Record extracts ->
◆ ◆ ◆ ◆

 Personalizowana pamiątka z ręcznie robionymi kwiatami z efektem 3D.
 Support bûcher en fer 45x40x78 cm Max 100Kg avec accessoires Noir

◆ ◆ ◆ ◆

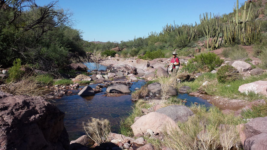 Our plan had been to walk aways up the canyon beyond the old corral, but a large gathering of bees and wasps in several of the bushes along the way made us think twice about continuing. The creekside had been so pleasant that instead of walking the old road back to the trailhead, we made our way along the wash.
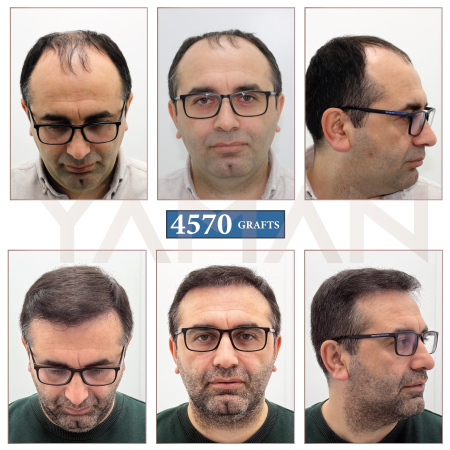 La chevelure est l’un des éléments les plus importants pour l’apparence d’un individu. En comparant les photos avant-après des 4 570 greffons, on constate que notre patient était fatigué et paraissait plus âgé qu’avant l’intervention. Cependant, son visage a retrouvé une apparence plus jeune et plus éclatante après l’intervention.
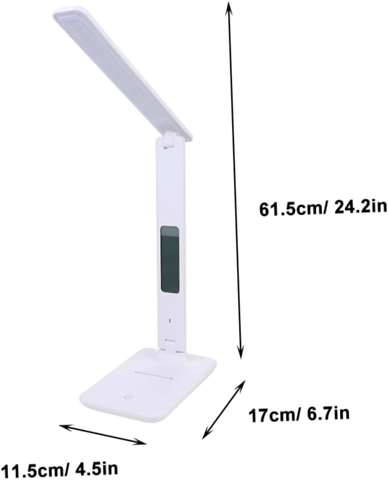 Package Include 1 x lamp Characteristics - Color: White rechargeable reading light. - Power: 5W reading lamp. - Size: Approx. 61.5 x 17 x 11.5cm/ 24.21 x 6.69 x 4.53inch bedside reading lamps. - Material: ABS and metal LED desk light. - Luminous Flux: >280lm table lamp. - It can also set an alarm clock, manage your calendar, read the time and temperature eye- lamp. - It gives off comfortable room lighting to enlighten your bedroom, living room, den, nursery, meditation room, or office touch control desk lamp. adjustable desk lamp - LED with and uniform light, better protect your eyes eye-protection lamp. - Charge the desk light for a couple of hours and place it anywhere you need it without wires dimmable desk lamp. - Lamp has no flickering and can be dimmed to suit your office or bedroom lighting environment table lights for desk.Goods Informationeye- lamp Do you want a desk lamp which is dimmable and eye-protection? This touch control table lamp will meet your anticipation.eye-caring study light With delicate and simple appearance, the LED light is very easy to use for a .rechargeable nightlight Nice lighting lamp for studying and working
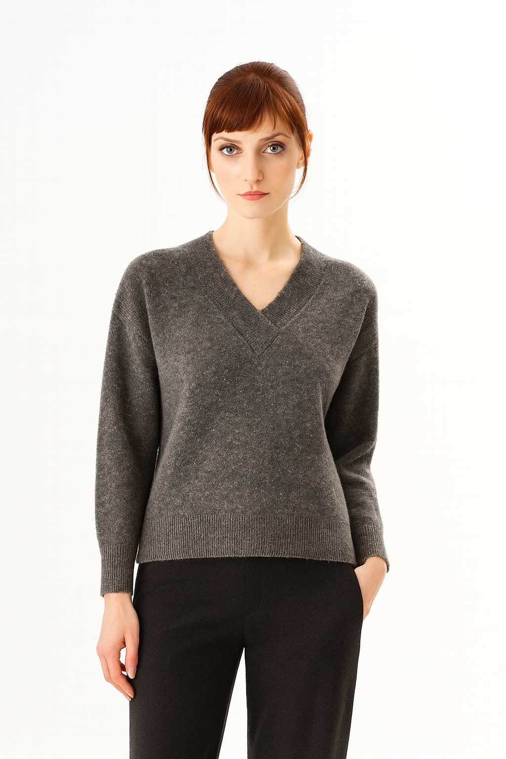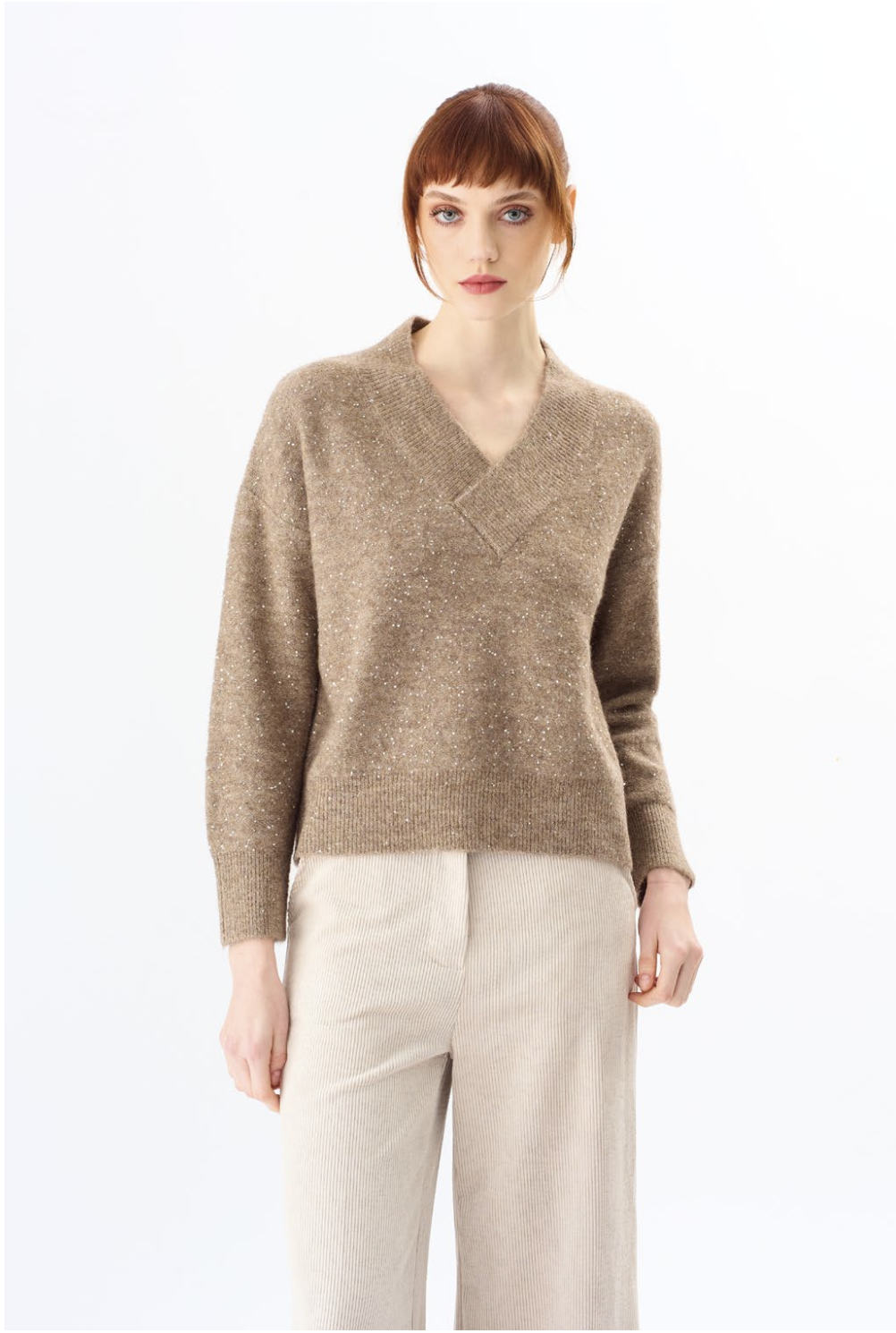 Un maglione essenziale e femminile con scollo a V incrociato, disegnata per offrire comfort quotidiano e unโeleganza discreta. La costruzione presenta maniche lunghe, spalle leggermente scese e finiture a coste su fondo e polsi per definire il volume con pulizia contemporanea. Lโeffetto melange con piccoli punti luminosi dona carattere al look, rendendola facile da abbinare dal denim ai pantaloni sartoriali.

◆ ◆ ◆ ◆

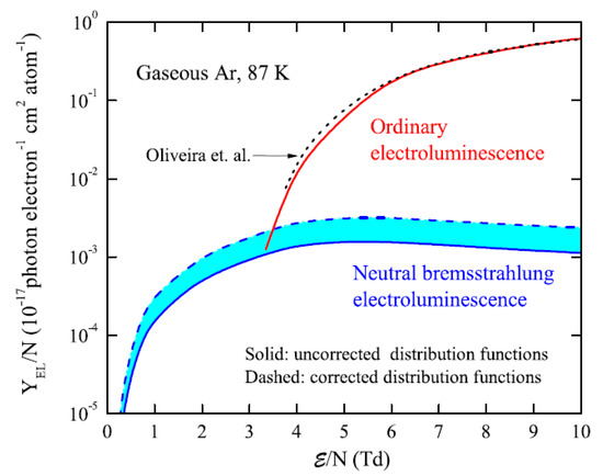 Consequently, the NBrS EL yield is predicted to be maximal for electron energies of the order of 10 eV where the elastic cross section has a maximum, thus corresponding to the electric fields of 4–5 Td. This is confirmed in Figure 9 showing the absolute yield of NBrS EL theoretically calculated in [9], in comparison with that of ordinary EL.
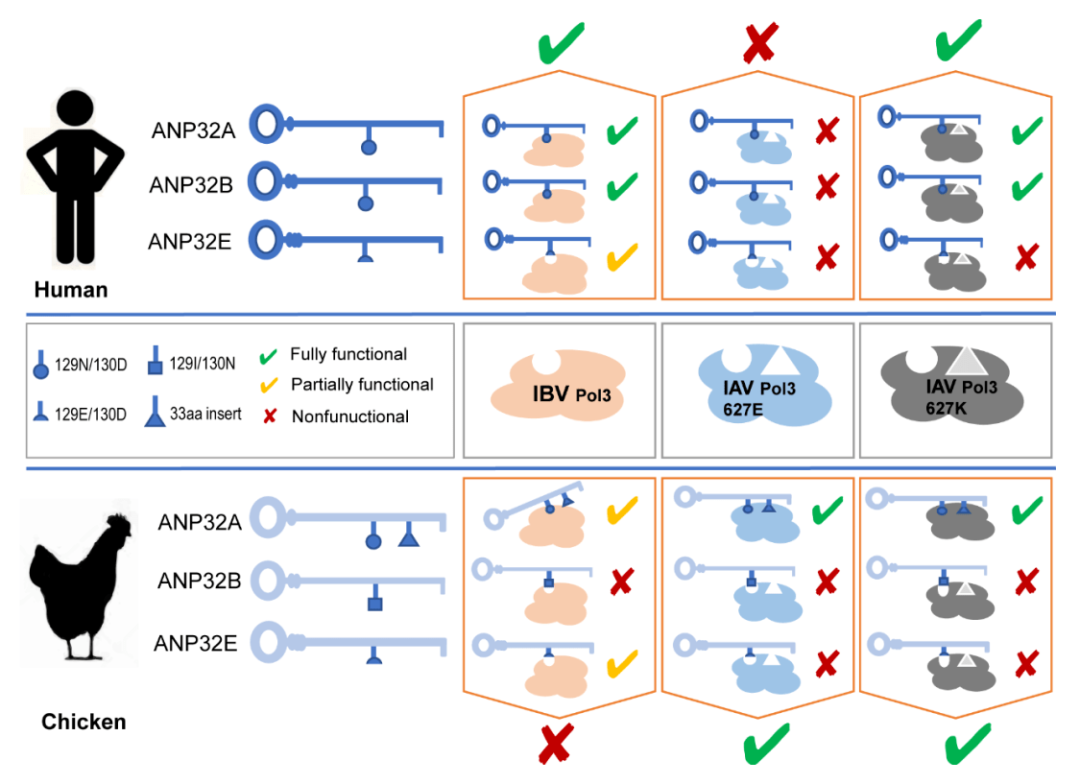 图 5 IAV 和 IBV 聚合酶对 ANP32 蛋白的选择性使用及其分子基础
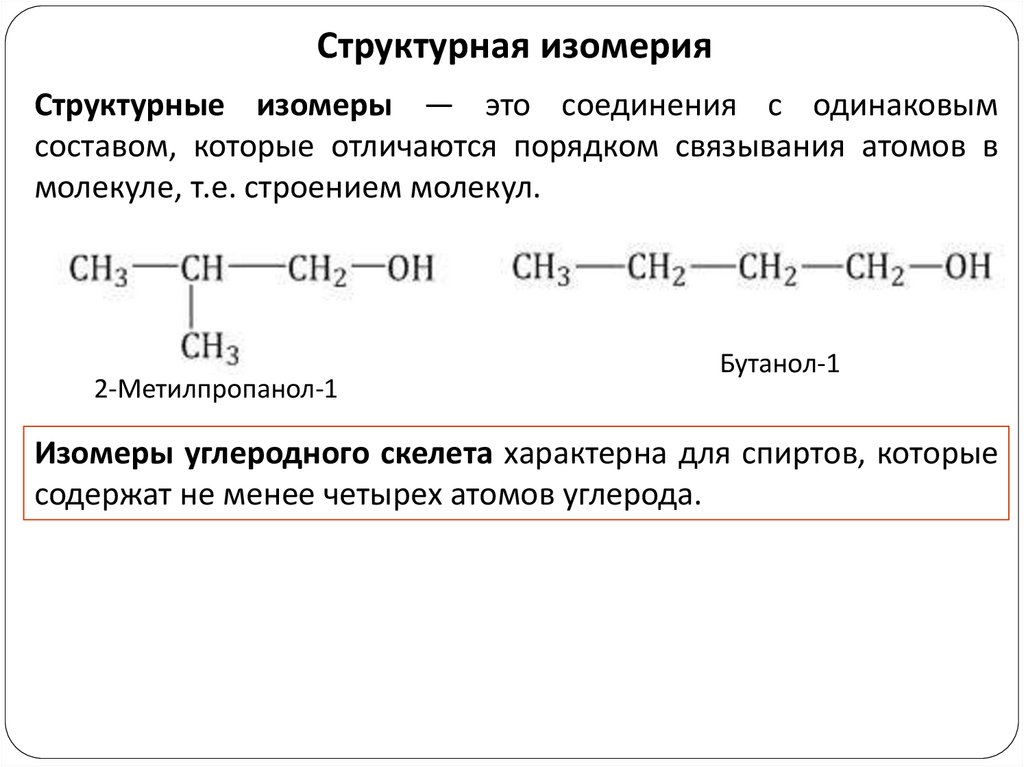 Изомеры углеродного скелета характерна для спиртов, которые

◆ ◆ ◆ ◆

Aim of the task ->
Find the line with "图 5 IAV 和 IBV 聚合酶对 ANP32 蛋白的选择性使用及其分子基础" in the data above, and from there retype each line exactly through the line with "Изомеры углеродного скелета", skipping the pictures along the way.

Task solution ->
 图 5 IAV 和 IBV 聚合酶对 ANP32 蛋白的选择性使用及其分子基础
 Изомеры углеродного скелета характерна для спиртов, которые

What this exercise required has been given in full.